One of the most interesting points for me from the Fadiva2 meeting, but was only very briefly discussed, arose from a question to Antonio Massari. This emphasised that in Antonio's software, the (virtual reality) visualisation was selected on the basis of each specific user query and the data set returned from the database in reply. This is quite different from the approach of many other researchers, who often design visualisations based on the structure of the data in some database, independent of any user query: i.e. it is based on the metadata. These are 2 main points on a spectrum of possibilities for designing or automatically generating visualisations, which in principle might have at least these alternatives:
1. General visualisation methods for any data at all.
2. Based on the metadata for one application i.e. one domain.
3. Based on a particular database i.e. both the metadata and knowledge of a particular dataset e.g. could take account of how large the collection was, the fact that in that collection one set (e.g. teachers) was an order of magnitude smaller than another set (e.g. students), etc.
4. Based on particular standard user queries fixed in advance.
5. Based on the particular set returned by one specific query to one specific database.

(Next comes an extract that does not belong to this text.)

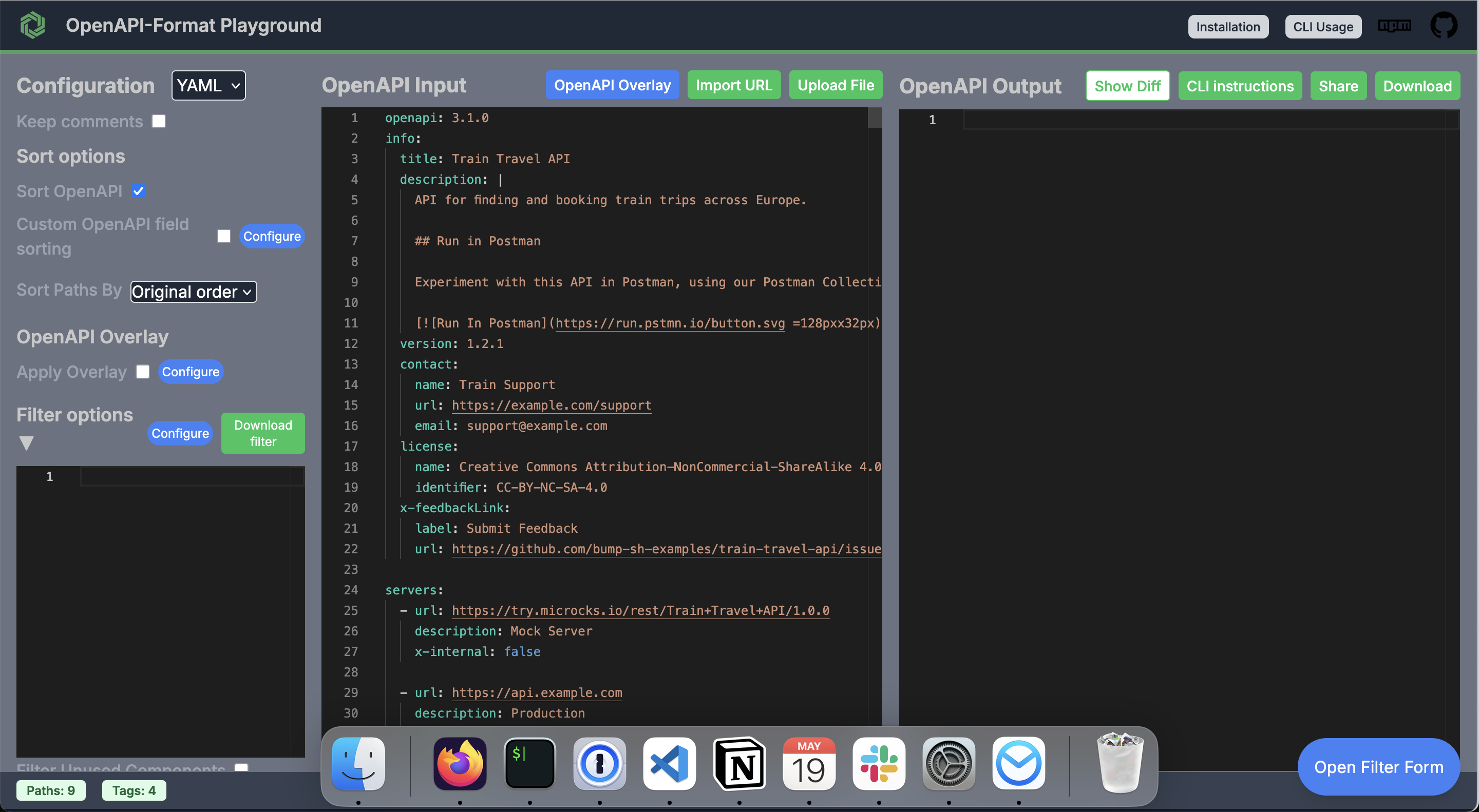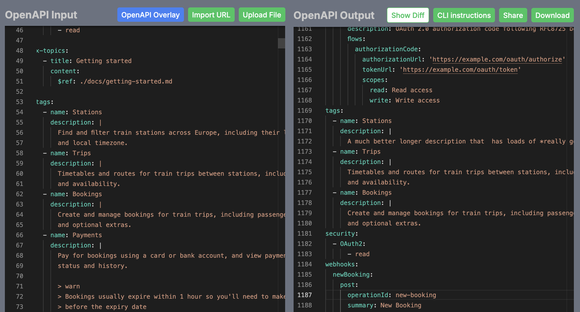 The main screen has OpenAPI input on the left and OpenAPI output on the right. The version on the right will have had the overlay applied as well as any other formatting rules, so we should see two changes to the tags: object:

Antonio's approach corresponds to (5), and could be described as much more user centered than most other approaches. Traditional database work used tables to visualise all data whatsoever, which is "general" but ignores everything about the data and everything about the user. Our own Iconographer work allowed the user to choose the visualisation, but otherwise is in the old "general" approach. Most work on automatic generation of visualisations beginning with Mackinlay (and also present in Iconographer) selects visualisations based on properties of data types. This means it takes notice of the metadata, but not of the collection (e.g. how much data there is in the database or in each relation), and not of the particular query. Which approach is right?

We know that an enormous amount of programming time in applied database work is in fact spent in customising general database software to particular applications, and that much of this is spent in designing "forms": both the standard queries that will be used in that application AND the screen layout that will be used in presenting the results of that query. This is strong evidence that all the generality of the underlying DBMS does not help real users, and all has to be undone and made specific by other programmers in order to produce the software that is actually used in most applications. This might be evidence in favour of a query-centered approach to visualisations, which would then not have to be hand-written as it often is now. On the other hand, as someone said in discussion, query-specific visualisations may confuse the user because if they modify the query slightly the visualisation may totally change. However a slight change in a query may cause an enormous change to the size of the set returned, and few visualisations (whether a text list, a set of icons, or some virtual reality display) can really be the same from the user's point of view when they change from showing 6 items to 600 items. In most cases, suddenly the display changes in some way to do scrolling with most items off screen most of the time. Thus in reality, all approaches probably change the display in ways important to its usability when the query changes.

Another striking feature of Antonio's approach is that, as he revealed in answer to a question, his software may introduce an extra layer of structure into the display of the reply if the returned set is too large for the visualisation (e.g. too big to display as doors along a single corridor). This is comparable to what scrolling does: just as a printed book divides the text into pages and then into lines that are usable subdivisions of the material but do not correspond to meaningful structural subdivisions, so scrolling divides screen displays. We are thus used in both books and computer screens to having two independent hierarchies of structure: the hierarchy of the material (e.g. chapters and sections and paragraphs) and the hierarchy of the display medium (e.g. lines and pages). Antonio's approach merges these two, using a single decision or design process for both. This sounds obviously better in principle: or is it really better to leave the user with the independent local controls that scrolling give?